Editor's note: This blog post is part of a series of posts, originally published here by our partner News Literacy Project, exploring the role of data in understanding our world.
Every day people use data to better understand the world. This helps them make decisions and measure impacts. But how do we take raw numbers and turn them into information that we can easily understand?
We make claims, or statements, about what we think the data tells us. And we often get our information from what the media report about data -- and authors use data to support arguments or inform the public. However, the claims may depend heavily on how and what type of data was collected. We discussed some issues with data collection in the last post, but let’s go into more detail about issues that may arise when authors use data to build arguments or make claims.
Control or comparison groups
People often use data to draw comparisons between different types of groups or behaviors. It’s important to pay attention to the questions asked and who is being asked. And, it’s equally important to ask what researchers are comparing their claims against.
Imagine we poll people and find that 60% say green is their favorite color and they eat vegetables every day. We could claim that liking the color green means a person is more likely to eat vegetables. While the survey indicates that most people who like the color green eat vegetables daily, it’s hard to draw further conclusions without a comparison group.

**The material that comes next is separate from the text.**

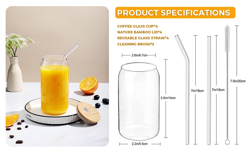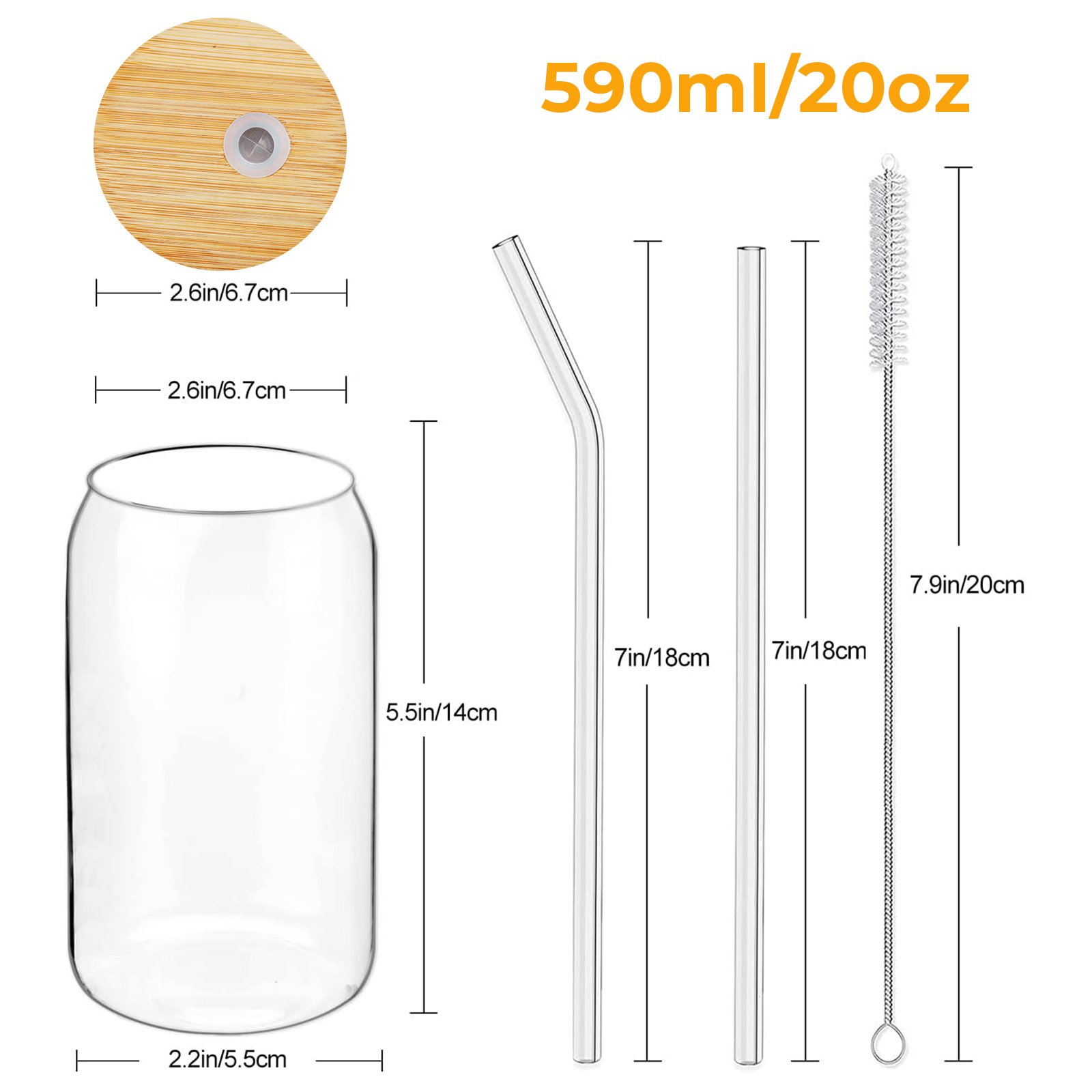 ✅Package Includes: Glass cups set includes 4 20oz glass coffee cups, 4 nature bamboo lids, 4 glass straws(2 straight straws & 2 bent straws), 2 cleaning brushes. Classic design, Very practical combination suit.

If only 20% of people who don’t like the color green eat their vegetables, this might suggest an interesting relationship. However, it might also be true that 60% of people who don’t like green eat their vegetables – the exact same proportion. In this case, liking the color green has absolutely nothing to do with vegetable consumption. You might also find that 90% of people who don’t like the color green eat vegetables daily. This shows a negative relationship between liking the color green and eating vegetables daily.
As you can see, if an author presents only one number without comparison, interpreting the true value of the statement can be difficult. We need to compare that number against another group to get a better picture of its significance.
This is especially important when researchers conduct interventional studies in areas such as medicine, fitness, food and other areas to investigate a particular outcome. In these cases, researchers use a control group. This is a special population that serves as a comparison and does not receive whatever is being tested. Designing an appropriate control group can be tricky because things can change simply because the group is aware it's being observed.
Imagine we conduct a trial for a new weight loss drug. Participants are split in half. One group receives the new drug and the other group receives nothing. Our goal is to determine which group loses the most weight. It may be that the people who receive nothing realize that the situation remains the same and they're not receiving treatment. It’s unclear how this might affect their behavior. Similarly, the people taking the drug assume something might happen, and perhaps this affects their attitude and behavior. We can’t tell if the drug had the impact or if the act of taking a pill changed their behavior. For this reason, many studies include a placebo, a pill that doesn’t contain any chemicals at all, as part of the comparison. This works well especially if researcher and participants do not know who gets the placebo and who gets the real drug.
More challenging studies
This can be much harder in studies that don’t involve medication. Perhaps my intervention is an exercise program. How can I design a fair control group? Do I give my control group advice to not exercise? Do I ask them to do exercise that is similar to my program but not exactly the same? Each of these decisions directly impacts the comparisons I might be able to make and how I will communicate results.
When reading such study data, it’s important to look at the actions of both the experimental group and the control group. Ask yourself if the comparison seems fair, or if it seems as though one group had an advantage or disadvantage. What other factors might explain the results you see?
Bias in research
Finally, why the studies are being conducted and who is interested in the research are of particular concern in data and research studies. Specifically, organizations collecting data on their own products may be motivated to prove those products work or that people like them. They may unintentionally make decisions in designing their research questions or comparison groups that increase the chances they get the results they’d like to see. Researchers who receive money from a specific organization may also make decisions that favor the group that funded their research. As we’ve already learned, there are many complicated decisions that go into collecting data that will inevitably impact the quality of the final result, so it’s important to critically analyze these choices.
While data allows us to measure and better understand our world, it's not a perfect representation of reality. There are many opportunities for bias or flaws when collecting data that can impact the quality of the results. Critical thinking is the best way to find these biases or flaws when reading about data. Ask how the data was collected and from whom. Look for who was included and who was left out. If there is something that seems impressive, ask “compared to what?” To gather those answers, you may have to do some digging of your own, but it will help you determine what data you can trust and recognize data that may be too biased or flawed and should be disregarded.